Michael Grange of Sportsnet.ca: Once upon a time, Kyle Lowry was a man with an attitude problem. He’ll tell you as much. If you only started following the Toronto Raptors this year, or if you’re back to this most pleasingly unexpected version after stepping away for a little while, you’ve never met that guy. The Kyle Lowry on display this season and in particular here this remarkable night in Brooklyn is the kind of athlete we all feel good paying money to watch. He’s plays for money, for sure. But no one competes like he does just because of money. The Raptors’ 87-79 win on the road at the Barclays Center was just more proof. The Nets are the NBA’s $200-million team. The Raptors are the franchise that can’t shoot straight. The last time they won a playoff game on the road was May 6, 2001. And then they pull this one off with a display of guts and resiliency and simply the will to hang around that can only be a worthy introduction to anyone who hasn’t been paying attention. ... “I’m okay, it’s controllable,” Lowry said of his knee when asked if he needed to be mindful of it heading into free agency. “We can do what we need to do to get through the playoffs. It’s nothing I need surgery for or anything like that. It’s definitely a pain, but I’m not going to worry about it, I’m not going to complain about it, I’m just going to do my job.”

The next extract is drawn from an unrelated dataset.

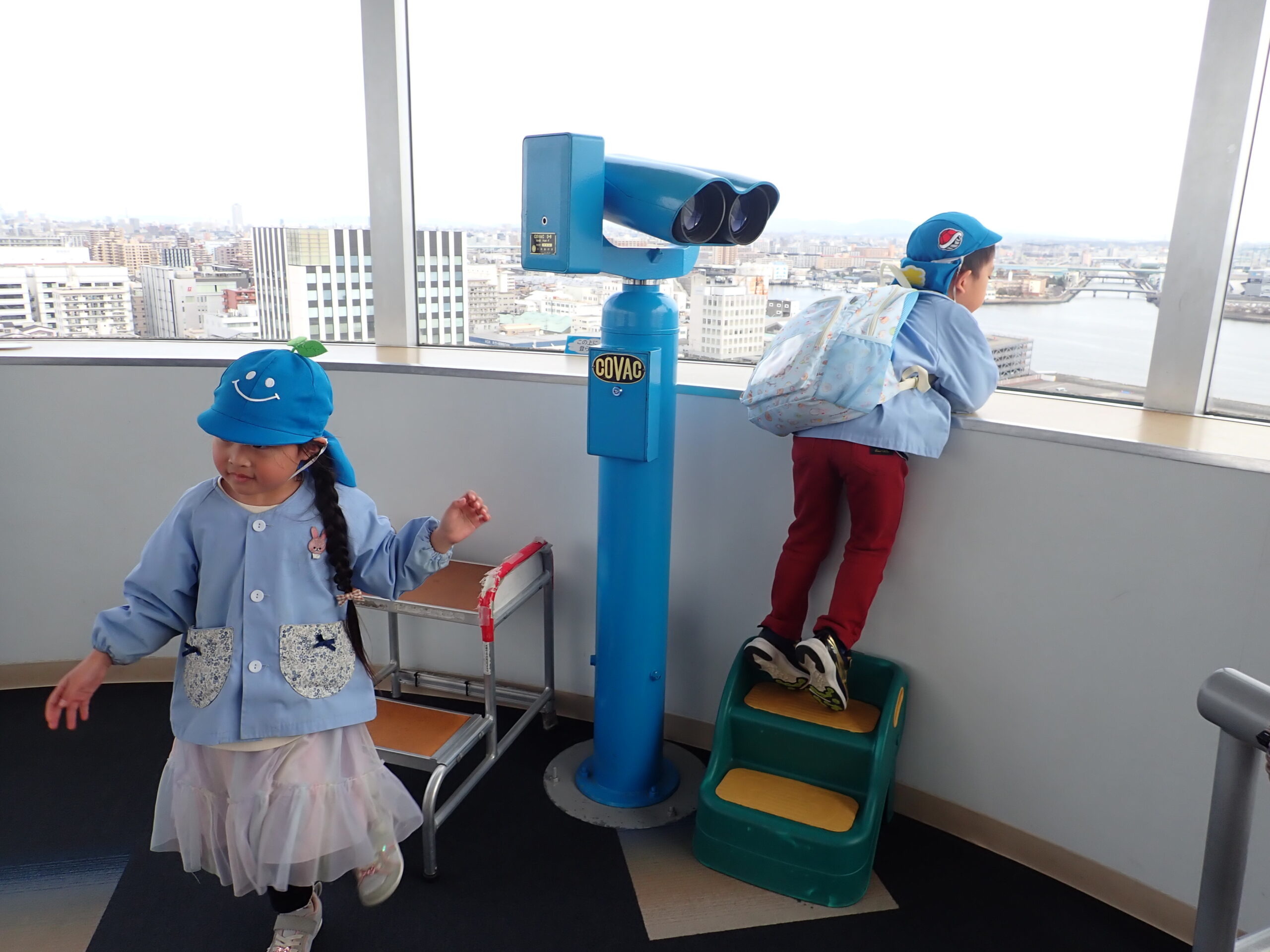 食後はポートビルの展望台へ。360度見渡せる景色に子どもたちも大興奮。

Mike Vaccaro of the New York Post: This has been the Nets’ biggest problem the whole time, right from the start: They expect to be viewed as a team rich with accomplishment, deep in achievement, when the reality is that this is a franchise that has gone 10 years since winning a playoff series. Individually, of course, they have earned certain entitlements, some of them. Individually there are scores of splendid playoff memories to draw upon, whether we’re talking about the coach or the point guard or the duo that was supposed to signal a sea change of culture and professionalism. Collectively, this is what they’ve done: They’ve finished in sixth place in a historically weak Eastern Conference. They have won two playoff games together. And now, after this desultory 87-79 defeat to the Raptors, they have lost two games together, they have squandered home court together, and together they are damned fortunate they are not going back to Toronto down three games to one. “We came out flat, no energy,” guard Shaun Livingston said, “and that’s unacceptable for a playoff game.”